Дневник. 1918-1924
Шрифт:
Третий день хожу под угнетающим впечатлением «Голого года» Пильняка. О да, это похоже!
Солнце, ветер, холодно даже в осеннем.
В трамвае брат Экскузовича показывал мне на даму-цыганку лет сорока с широким, плоским, темным лицом и тупым носом, которая, по его сведениям, была любовницей великого князя Николая Николаевича в начале войны.
В Эрмитаже обсуждение тридцати трех трупов и многое другое.

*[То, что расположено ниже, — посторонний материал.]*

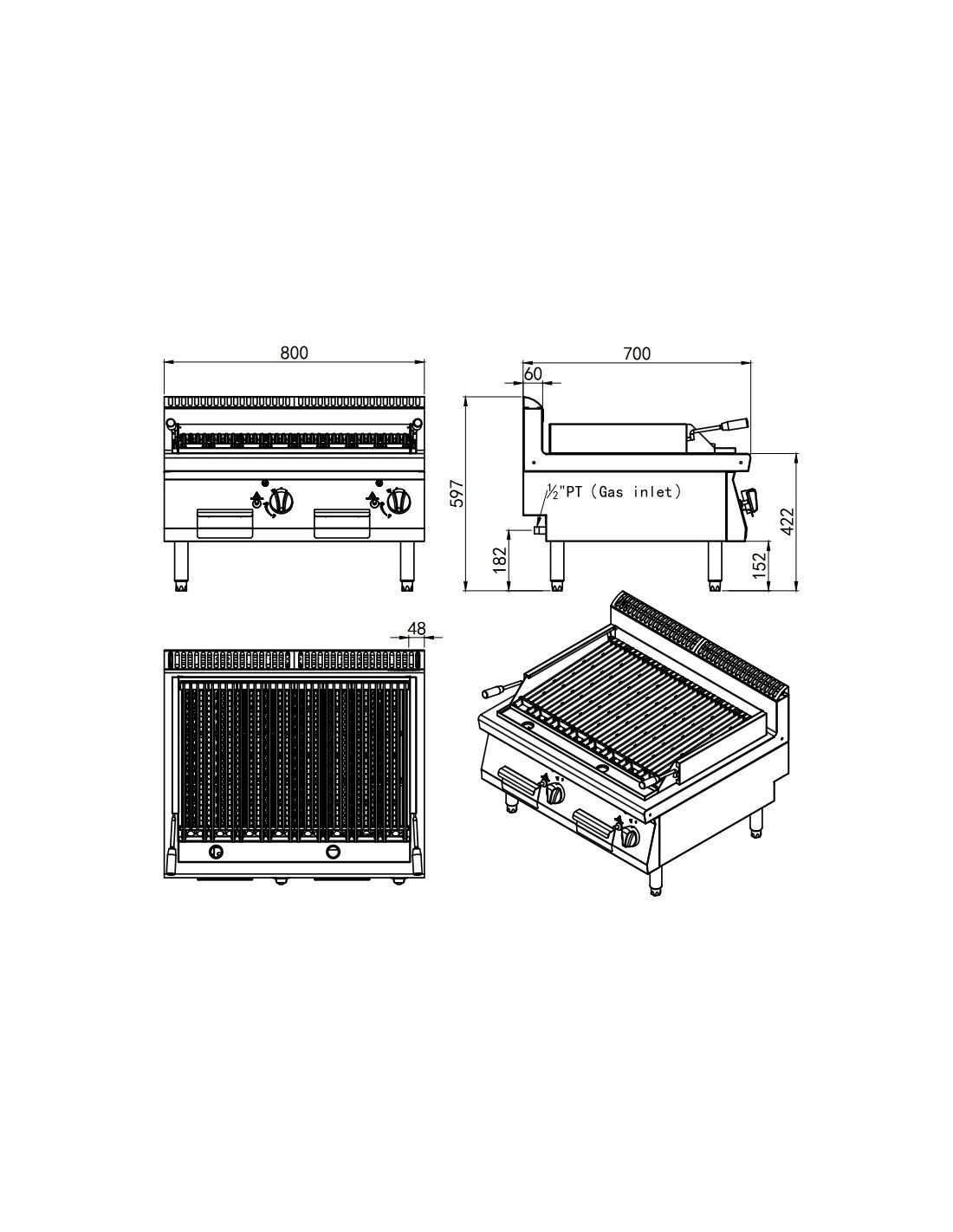 Lava stone grill - Model AT8G9CM-C - Gas supply - AISI 430 stainless steel structure - AISI 304 stainless steel grill - Power 2 x kW 7 - Dimensions cm 80 x 70 x 54.7 h

Снова угрожают посягательством на библиотеку Зимнего дворца со стороны и Акцентра (в целях нэпманских или попросту распродажных), и Публичной библиотеки (в целях пополнения пробелов, причиненных политическим изданиям, кстати сказать, на будущей неделе придется передать кабинет Станислава Августа).

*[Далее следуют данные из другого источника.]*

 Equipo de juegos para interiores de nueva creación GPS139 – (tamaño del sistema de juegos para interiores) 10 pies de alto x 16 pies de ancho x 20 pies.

Получил в Эрмитаже жалованье: 1312 рублей по реальной валюте — около 10 рублей, по официальной — около 20 рублей, из Большого драмтеатра тоже — 1100 рублей. Тотчас же пошел в Общество поощрения и взял у Платера восемь Роллеров и Квалио (я все еще не выучился их различать) за 900 рублей и заказал в это же время гравюры с ван дер Мейера на аукционе. Продается у Платера альбом Павла Соколова: рукописный текст «Записок сумасшедшего», обрамленный карандашными виньетками. В конце — глава из «Мертвых душ», вставка с пастухом. Петров-Водкин за 500 рублей — не нашлось покупателя. И Кристи, и Григорьев, и Бурлюк, и «Ангел» — гравюра Литке — все еще стоят.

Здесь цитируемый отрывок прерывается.